I can’t help but wonder if I have done something in the last so many years that has resulted in a lower level of creativity. Or was it something beyond my control, like age.

It used to be that my mind was over-flowing with story ideas. Throughout college, I would forego taking notes during lecture because I had to get the stories out of my head and onto paper. Often I’d only write a page or two before losing interest in the idea, but there was no end to new ones.

In my first post-college job, I would find myself jotting down stories on scrap paper when my supervisor wasn’t paying attention. I wrote whole stories on 4” x 6” pieces of paper intended for phone messages.
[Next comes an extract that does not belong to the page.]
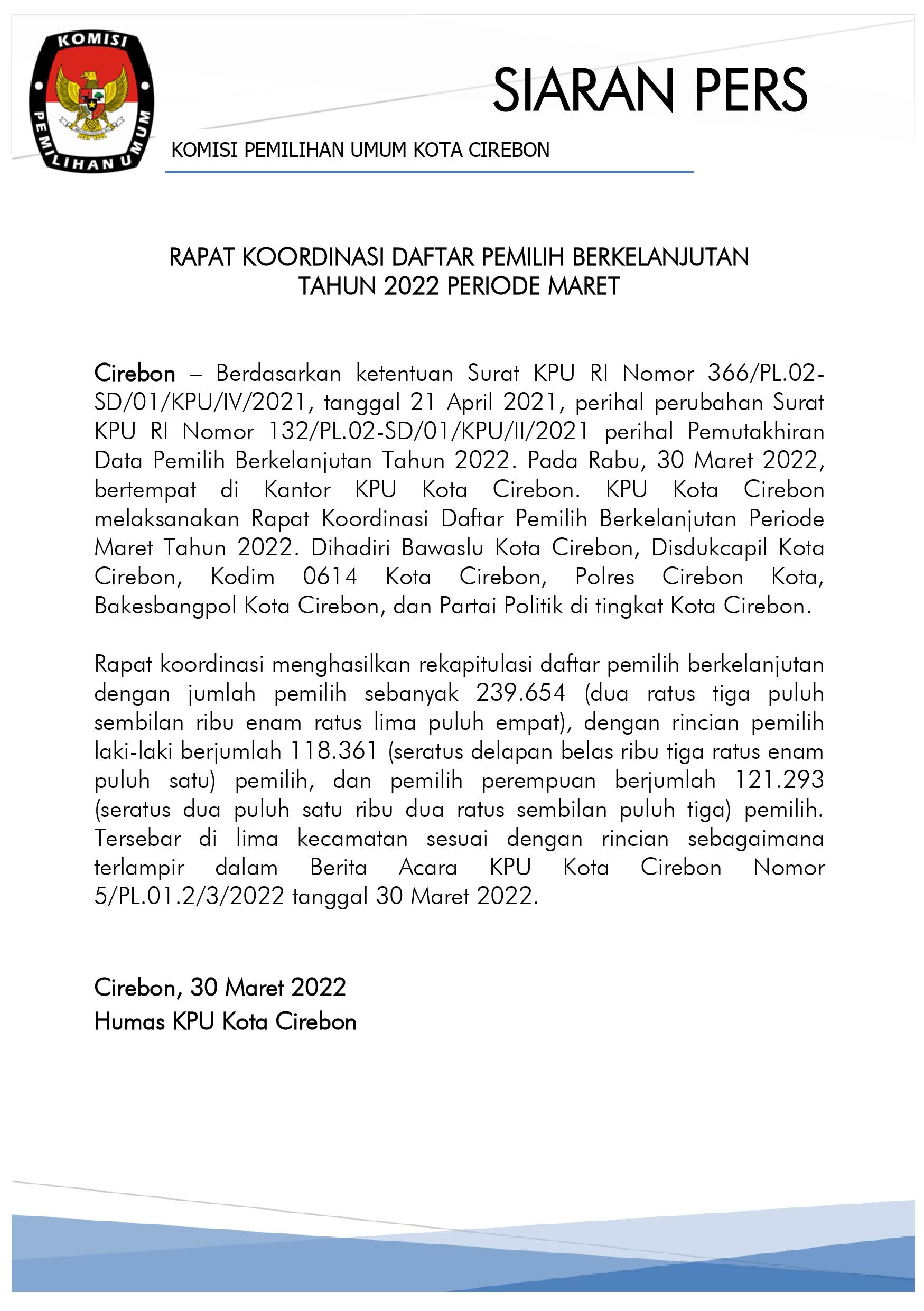 Cirebon, kota-cirebon.kpu.go.id - KPU Kota Cirebon melakukan pertemuan dengan Pengurus DPD Partai Persatuan Indonesia Kota Cirebon, Rabu (6/4/2022). Pertemuan ini dalam rangka Sosialisasi Keputusan KPU RI Nomor 21 Tahun 2022 tentang Hari dan Tanggal Pemungutan Suara pada Pemilihan Umum Presiden dan Wakil Presiden, Anggota DPR, Anggota DPD, Anggota DPRD Provinsi, dan Anggota DPRD Kabupaten/Kota Serentak Tahun 2024, Rabu, 14 Februari 2024. Selain itu, pertemuan ini juga membahas koordinasi persiapan Pemilu dan Pemilihan Serentak Tahun 2024. Perkiraan tahapan pendaftaran, verifikasi, dan penetapan Peserta Pemilu dimulai Bulan Juli-Desember 2022. Sementara itu, untuk penetapan jumlah kursi dan daerah pemilihan dimulai Bulan Oktober 2022-Februari 2023. Selain itu, untuk pencalonan Presiden dan Wakil Presiden serta anggota DPR, DPD, DPRD provinsi, dan kabupaten/kota dimulai Bulan Desember 2022-November 2023. KPU Kota Cirebon sudah mencoba membuat simulasi Daerah Pemilihan Pemilu Tahun 2024. Simulasi yang telah dibuat memperhatikan 7 prinsip penataan dapil yaitu kesetaraan suara, ketaatan pada sistem pemilu yang proporsional, proporsional, integralitas wilayah, coterminus, kohesivitas, dan kesinambungan. KPU Kota Cirebon telah membuat 4 simulasi dapil, dari hasil simulasi tersebut terdapat potensi Dapil Kota Cirebon pada Pemilu 2024 berubah yang disebabkan oleh pertambahan jumlah penduduk khususnya di Kecamatan Harjamukti. Simulasi pertama dengan mempertahankan komposisi 3 Dapil Pemilu 2019, menghasilkan Dapil 1 Kecamatan Kejaksan dan Lemahwungkuk 11 kursi, Dapil 2 Kecamatan Harjamukti 13 kursi, dan Dapil 3 Kecamatan Pekalipan dan Kesambi 11 kursi. Dengan hasil penghitungan tersebut, Dapil 2 Kecamatan Harjamukti dengan 13 kursi tidak sesuai dengan ketentuan perundang-undangan, karena paling banyak 12 kursi dalam 1 Dapil. Simulasi kedua 4 Dapil dengan membagi Kecamatan Harjamukti menjadi 2 Dapil, sehingga komposisinya yaitu Dapil 1 Kecamatan Kejaksaan dan Lemahwungkuk 11 kursi, Dapil 2 Harjamukti 1 (Kelurahan Harjamukti, Kelurahan Larangan dan Kelurahan Kecapi) 7 kursi, Dapil 3 Harjamukti 2 (Kelurahan Kalijaga dan Kelurahan Argasunya) 6 kursi, dan Dapil 4 Kecamatan Pekalipan dan Kesambi 11 kursi. Simulasi ketiga yaitu dengan 5 Dapil dengan komposisi Dapil 1 Kecamatan Kejaksan dan Pekalipan 8 kursi, Dapil 2 Kecamatan Lemahwungkuk 6 kursi, Dapil 3 Harjamukti 1 (Kelurahan Harjamukti, Kelurahan Larangan dan Kelurahan Kecapi) 7 kursi, Dapil 4 Harjamukti 2 (Kelurahan Kalijaga dan Kelurahan Argasunya) 6 kursi, dan Dapil 5 Kecamatan Kesambi 8 kursi. Simulasi keempat dengan 6 Dapil, komposisi Dapilnya yaitu Dapil 1 Kecamatan Kejaksan 5 kursi, Dapil 2 Kecamatan Lemahwungkuk 6 kursi, Dapil 3 Harjamukti 1 (Kelurahan Harjamukti, Kelurahan Larangan dan Kelurahan Kecapi) 7 kursi, Dapil 4 Harjamukti 2 (Kelurahan Kalijaga dan Kelurahan Argasunya) 6 kursi, Dapil 5 Kecamatan Pekalipan 3 kursi dan Dapil 6 Kecamatan Kesambi 8 kursi.

I can’t remember exactly when it happened. I must have been 22 or 23. In retrospect, it seems like someone cranked the handle on a faucet. If the creativity hasn’t been turned off altogether, it’s limited to an occasional drip here or there.

Was it the mind-numbing job in retail management?

Could it have been the drinking?

Or was it a hormonal change into adulthood?

How could the very workings of my brain have changed so drastically? Now I ache to be able to turn the faucet handle back in the other direction and have the creativity pour forth. I’d settle for a slow trickle at this point.

2 comments:

Mary Stebbins Taitt said...

I personally wouldn't blame it on drinking or recreational drugs. And you certainly WERE a creative child. I'm sure it's in there, still! :-)

jo(e) said...

I had a similar experience. I wrote all the time when I was a kid. Then I stopped writing altogether during my 20s. Then when I was about 30, I started having friends who were poets and such, and I started writing again.

Looking back, I am not completely sure what stopped things. I think part of it was something emotional. It was when I was 30 that I started working some emotional issues, growing up and figuring out who I was -- and that kind of released whatever the block was and got me thinking in creative ways again.

Being around creative people is one thing that almost always inspires me. Your Mom is one of the people who really encouraged me to write through painful issues in my life -- and that helped in all kinds of ways.

Time -- or lack of it -- is probably the biggest thing I struggle with now. I have to consciously make time for writing. That is hard to do, but I know how important it is.